Anthropic accuses Alibaba of 'illicitly' accessing its Claude model
The Financial Times reports, in its daily FirstFT newsletter, that Anthropic has accused Alibaba of having 'illicitly' accessed Claude, the US company's artificial intelligence model.
By Financial Times · June 24, 2026.
The Financial Times reports, in its daily FirstFT newsletter, that Anthropic has accused Alibaba of having 'illicitly' accessed Claude, the US company's artificial intelligence model. The article is restricted to FT subscribers and it has not been possible to obtain the full text, so this summary is limited strictly to what appears in the headline's metadata.
The term 'illicitly' used in the FT's own headline suggests that Anthropic would not be describing an ordinary contractual breach —for example, a violation of terms of use— but rather conduct that, in its view, crosses a more serious legal or ethical line. With no further verified information available, any additional detail about the mechanism, scope or legal consequences of that access would be speculative.

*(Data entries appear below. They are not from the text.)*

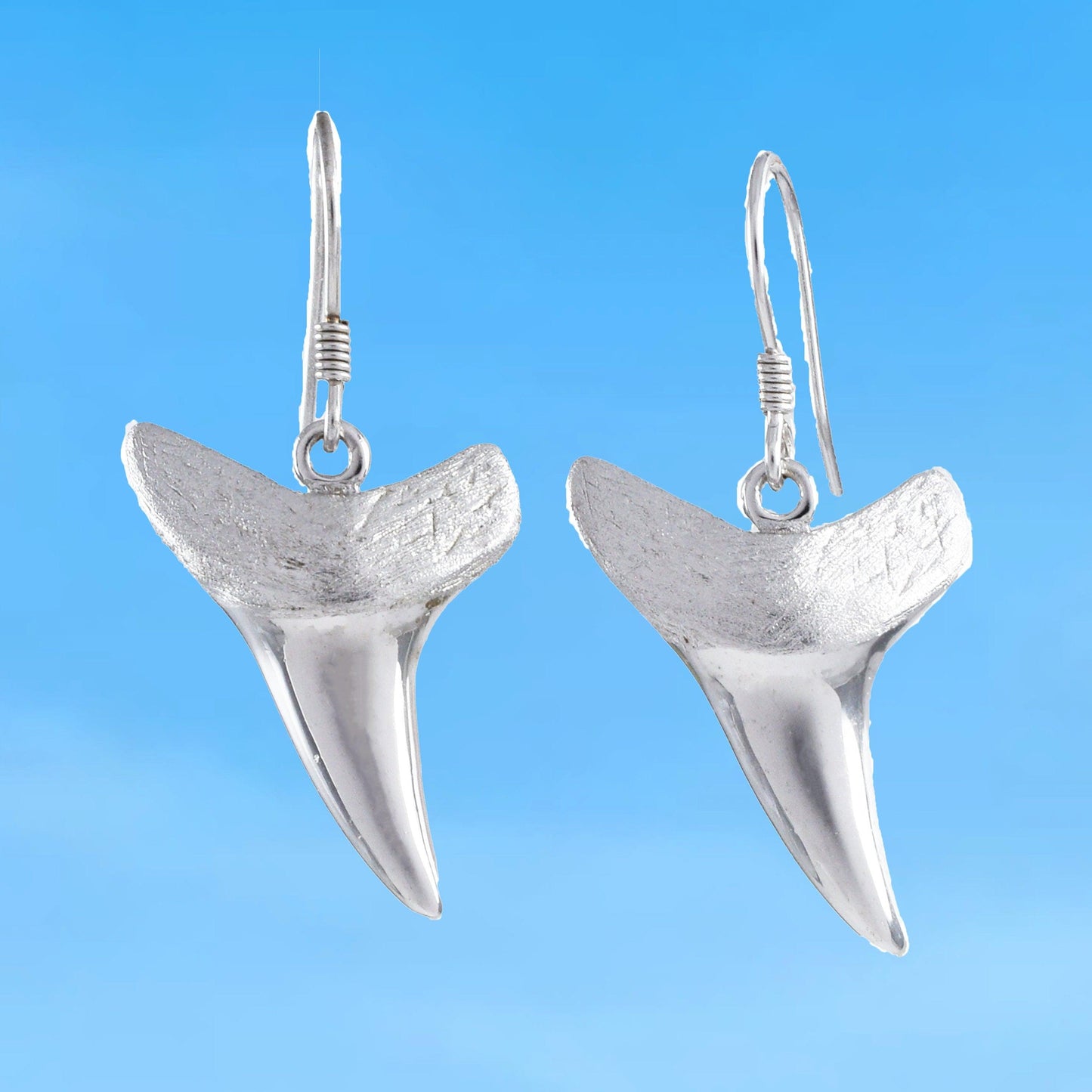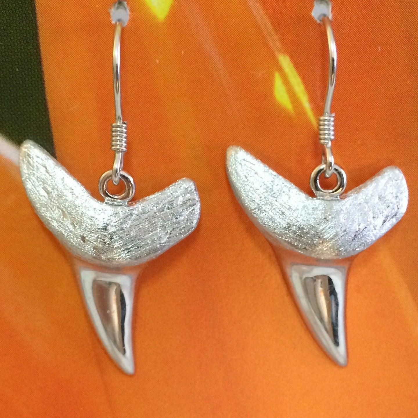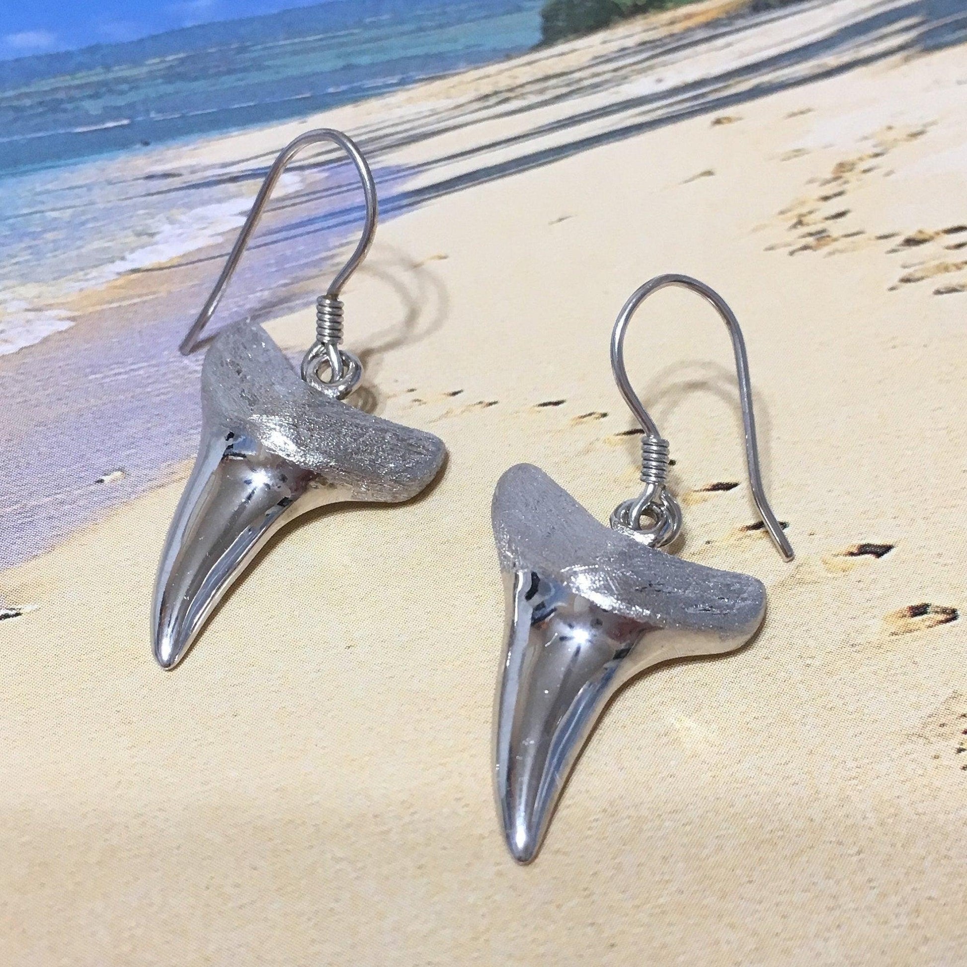 Unique Hawaiian Large 3D Shark Teeth Earring, Sterling Silver Shark Teeth Dangle Earring, E4148A Mother Birthday Mom Gift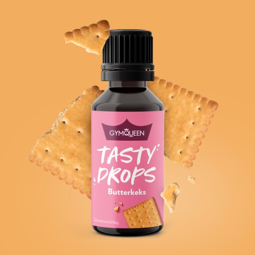 Tasty Drops GYMQUEEN mit Butterkeks Geschmack in der 0.03L Packung. WAS SIND TASTY DROPS? Tasty Drops sind zucker-, fett- und kalorienfreie Geschmacktropfen, die du vielseitig in deinen Alltag integrieren kannst, um Speisen und Getränke zu süßen. Ob in Quark, Joghurt, Müsli oder Getränken – mit den Tasty Drops zauberst du jederzeit und überall ein wahres Geschmackserlebnis. FÜR WEN SIND TASTY DROPS GEEIGNET? Tasty Drops sind die ideale Wahl für dich, wenn du deinen Kaffee, Joghurt, deine Backkreation oder jede andere Grundlage deiner Wahl auf ein neues Geschmackslevel bringen möchtest, ohne dabei zusätzliche Kalorien aufzunehmen. Zudem eignen sich Tasty Drops optimal für eine laktosefreie, vegane oder glutenfreie Ernährungsweise. Das Geschmackserlebnis der besonderen Art! Hebe deine Speisen und Getränke mit unseren zucker- und fettfreien Tasty Drops auf ein neues Geschmacksniveau und kreiere zahlreiche Leckereien und abwechslungsreiche Drinks, die dir deinen Alltag versüßen.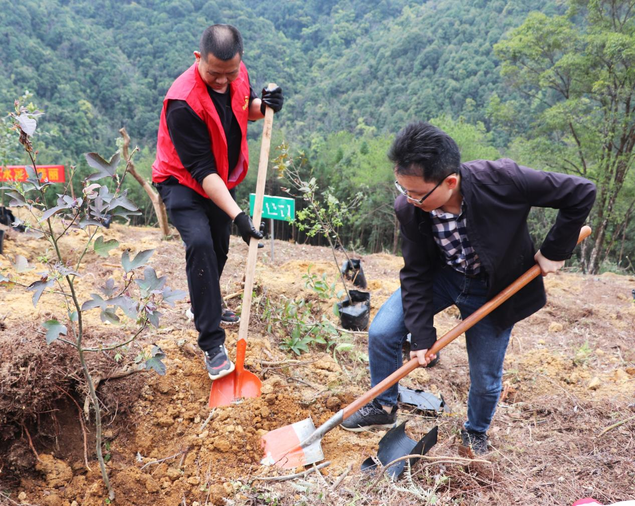 活動現場人頭攢動,志愿者們揮舞鋤頭,墩好樹苗,刨土、填坑、踩實,種下紅楓、黃柏、櫻花等樹種100余株。“助永定山河添綠,促永定城鄉美化,這種活動很有意義。”區住建局志愿者沈漢和說。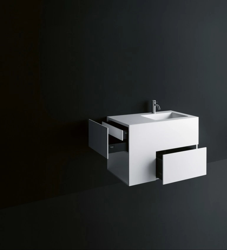 A compact, suspended washbasin base unit with integrated containing compartments, conceived as a solution to tight bathroom areas for both residential and commercial uses. The cabinet, made of MDF (Medium Density Fiberboard), is available in matt lacquered Silcover finish, in full colour range, completed by a top with washbasin in white Cristalplant?. A large front drawer, a side drawer with an additional internal drawer and an open compartment have been created inside the base unit for storage. The washbasin can be installed left or right hand.
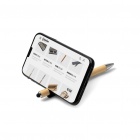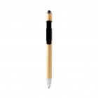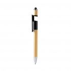 Długopis wyposażony w antystresowy spinner, bambusowy korpus z uchwytem na smartfon, z rysikiem i metalicznym wykończeniem. Niebieski tusz.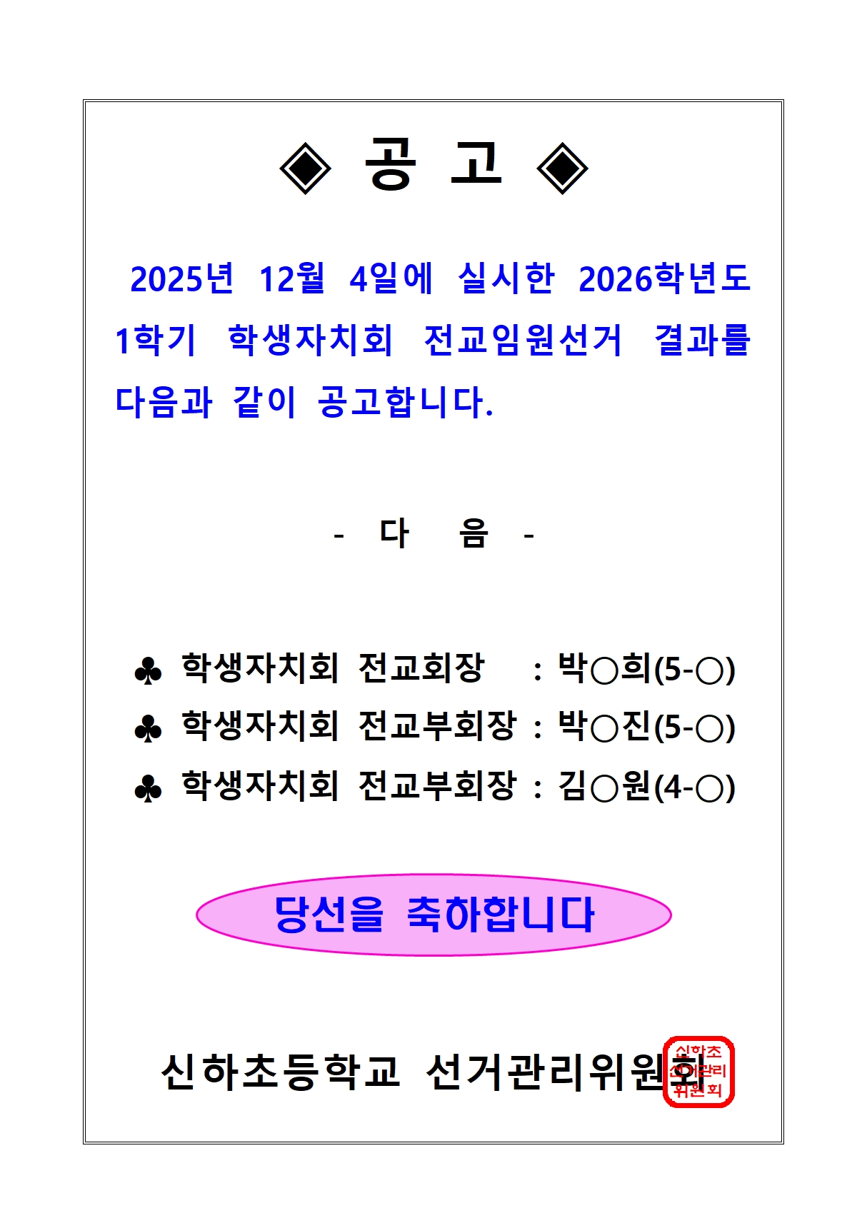 2026학년도 1학기 학생자치회 전교임원 당선자 공고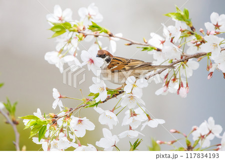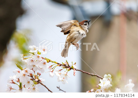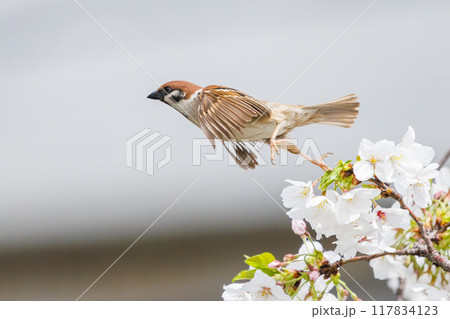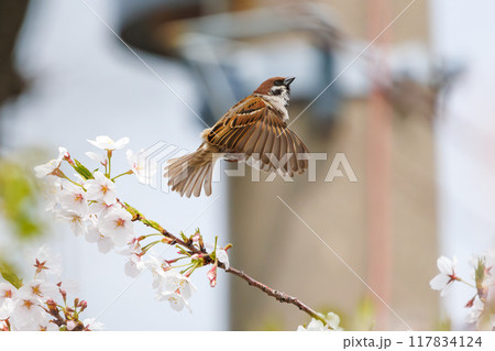 美しいソメイヨシノ(桜)の間を飛び回り盗蜜する可愛いスズメ(スズメ科) 横浜市鶴見区、矢向一丁目公園
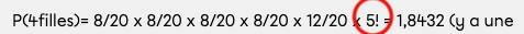 Tu ne dois pas multiplier par 5! mais tout simplement par 5. Parce que tu as 5 façons différentes d'obtenir 4 filles parmi les 5 personnes choisies (FFFFG - FFFGF - FFGFF - FGFFF - GFFFF).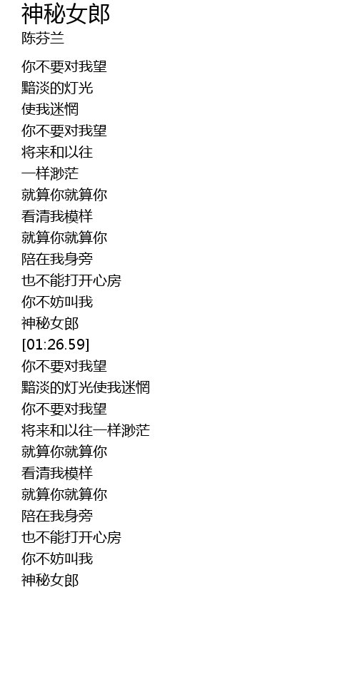 | [01:52.75] | 黯淡的灯光使我迷惘 |

As sector context, tensions between Western AI companies and Chinese competitors over the unauthorized use of models and training data have been mounting throughout 2025 and 2026. OpenAI, for example, has publicly denounced attempts at mass extraction of its models, and several labs have tightened their API access controls and terms of service to limit uses that could benefit competitors. However, applying those precedents to the specific Anthropic-Alibaba case without the article's concrete details would be to venture conclusions unsupported by the available material.
Anthropic is one of the most prominent frontier AI companies of the moment, founded in 2021 by former OpenAI employees and backed by multibillion-dollar investments from Amazon and Google, among others. Its Claude model —currently in several versions, including Claude 3 and later iterations— competes directly with OpenAI's GPT-4o and Google's Gemini in the large-scale language model market. Alibaba, for its part, has developed its own Qwen family of models and operates Tongyi Qianwen as a generative AI platform, which makes any unauthorized access to Claude a matter with potential intellectual property and technological competition implications.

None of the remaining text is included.